Officials with the Milk Processor Education Program, a trade group for the dairy industry, said they did not know how many school districts had pulled flavored milk. But they said anecdotal examples, as well as growing concerns about childhood nutrition, convinced them that they needed to promote chocolate milk as healthy.

The Los Angeles Unified School District, for one, offers fat-free chocolate milk in its elementary and middle schools.

National health organizations agree that milk, whatever its flavor, has benefits for young bodies. Bone density peaks during adolescence, and calcium is vital to bone strength. Milk offers calcium, Vitamin D and a host of other nutrients. Children need about 32 ounces of milk daily just to get the recommended allotment of Vitamin D, Greer said.

Milk processors argue that children might not receive those benefits if chocolate milk is taken away. “There is a huge concern that if kids don’t care for [the taste of plain milk], they won’t actually drink it,” said Vivien Godfrey, the milk trade group’s chief executive.

But Marlene Schwartz, deputy director of Yale University’s Rudd Center for Food Policy and Obesity, said schools should not presume that children will shun no-frills milk.

She studied milk consumption in federally funded preschools across Connecticut where only plain milk was offered, and found that those young children drank it happily.

“What I don’t understand is, when a child turns 5 and enters kindergarten, all of a sudden people think they will stop drinking plain milk,” she said.

She conceded, however, that it can be difficult to reclaim kids who have already encountered sweetened milk.

“Chocolate milk every day didn’t seem like the healthiest option,” said Eva Detloff, the Barrington district’s nursing supervisor. So beginning with the 2008-09 school year, Barrington schools removed chocolate and strawberry milk from the menu.

Students hated the decision. Even some parents, said Supt. Tom Leonard, complained that the policy went too far.

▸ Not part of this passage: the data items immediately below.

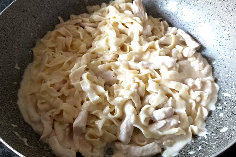 Le fettuccine Alfredo con pollo sono pronte da gustare, calde e cremose.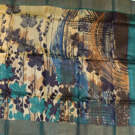 Olivine Green Tussar Slik Saree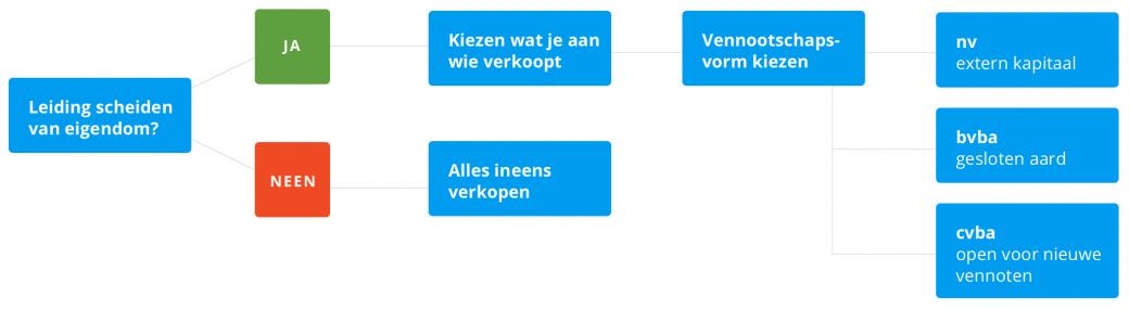 Een bedrijf geleidelijk overdragen aan de werknemers heeft veel voordelen, zowel voor de vroegere als voor de nieuwe eigenaars. Voorwaarde is dat je naast de eigendom ook het leiderschap kan loslaten. Op praktisch vlak ga je de eigendom wellicht moeten opsplitsen in materiële en immateriële activa om de overname betaalbaar te maken. En je gaat goed moeten nadenken over de vennootschapsvorm. Een vennootschapsvorm die gedeelde eigendom en verantwoordelijkheid toelaat is de coöperatieve vennootschap.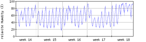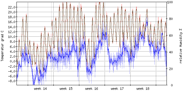 Der blaue Graph zeigt relative Feuchtigkeit. |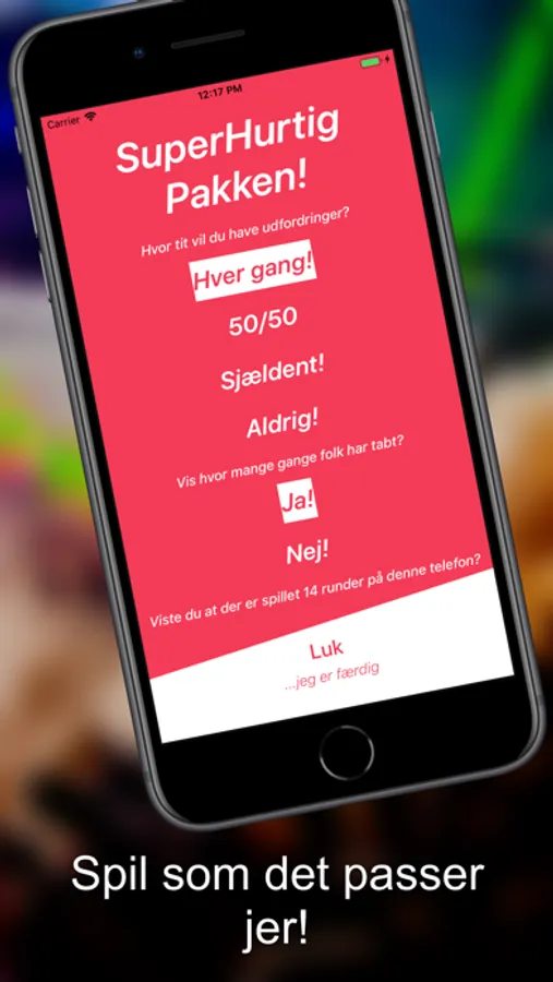Derudover kan du helt selv bestemme hvor ofte du vil have dem! Pakken giver også mulighed for et ekstra spil - Dette betyder at appen kan holde styr på hvem der har tabt flest gange, dermed kan der gives ekstra straf efter ønske!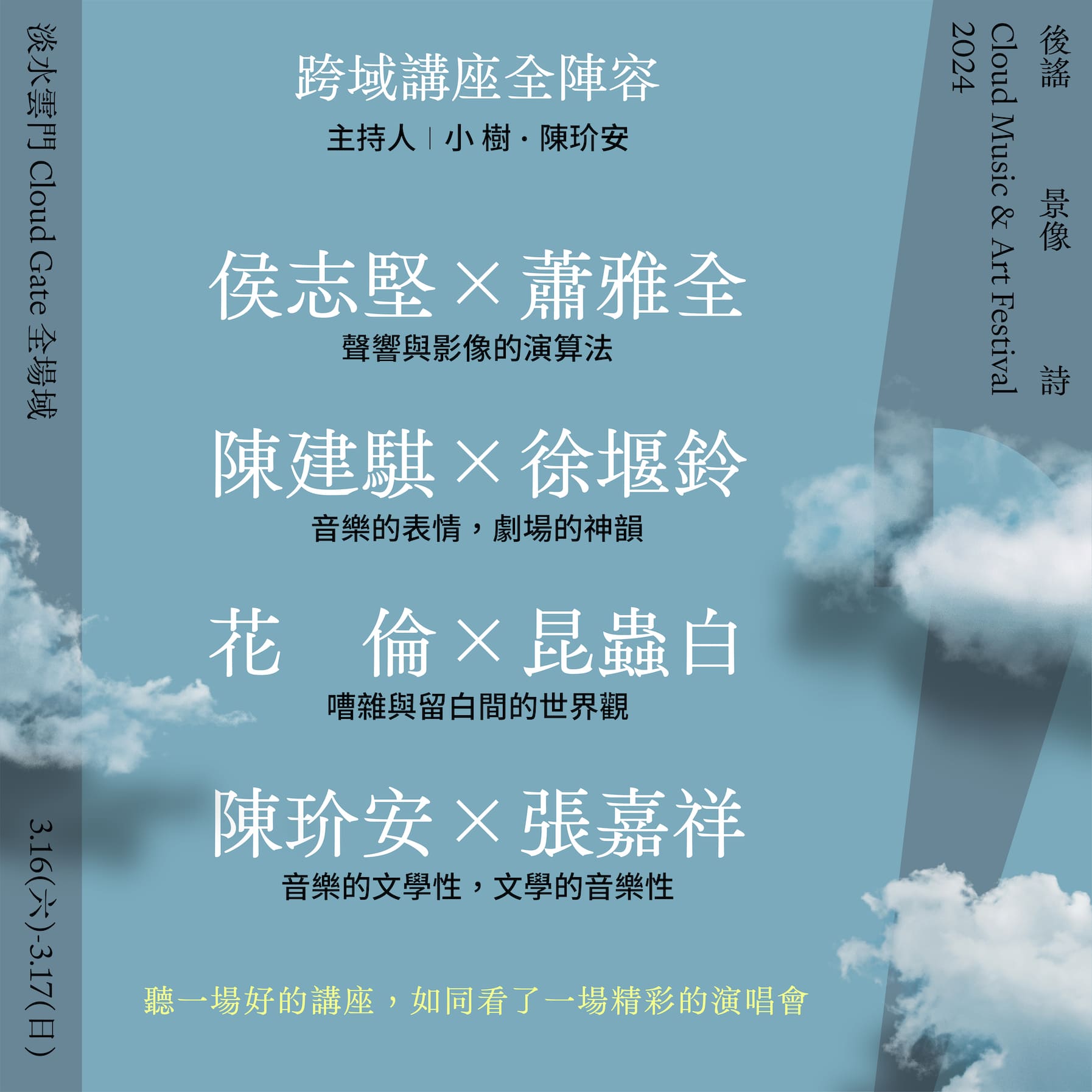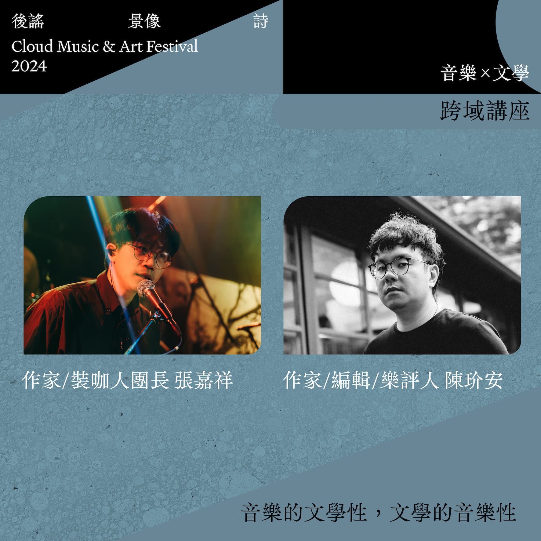 資深樂評人、作家與出版品編輯陳玠安與樂團「裝咖人」團長、獲 2023 年臺灣文學金典獎的張嘉祥,將以《音樂 X 文學:音樂的文學性,文學的音樂性》為主題,聊那些他們所觀察到的,在音樂中的文學性及實驗性。在電影、劇場與文學之外,跨域講座針對活動核心「後搖滾」,邀請兩地樂團代表花倫與昆蟲白首度同台,由陳玠安主持《兩地後謠聲景:嘈雜與留白間的世界觀》場次,聊聊玩器樂搖滾的內心話。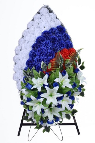 В нижней части композиции крупные белые лилии являются акцентом. Их оттеняют бутоны роз в оттенке индиго и листья папоротника и салала. Фон выложен белоснежными, синими и красными гвоздиками. Венок на 9 мая с государственной символикой подойдёт для траурных мероприятий по случаю общероссийского траура.

Then over the summer, Haley and two other students came by his office with some evidence -- and a request.

Inspired by a book about a young activist, Haley had gathered petition signatures asking for the return of flavored milk. She and her friends also pointed out that students were bringing drinks from home like fruit juice and Gatorade, which also have relatively high sugar content.

Leonard agreed to a trial: The schools would serve flavored milk each Friday and figure out how that affected milk consumption.

School employees now compare how much milk is tossed out on plain-milk-only days and flavor Fridays. The study will run through January, when the district will decide the future of flavored milk. But Haley thinks the current solution is the right one.

“Once a week couldn’t hurt,” she said. “It’s still milk.”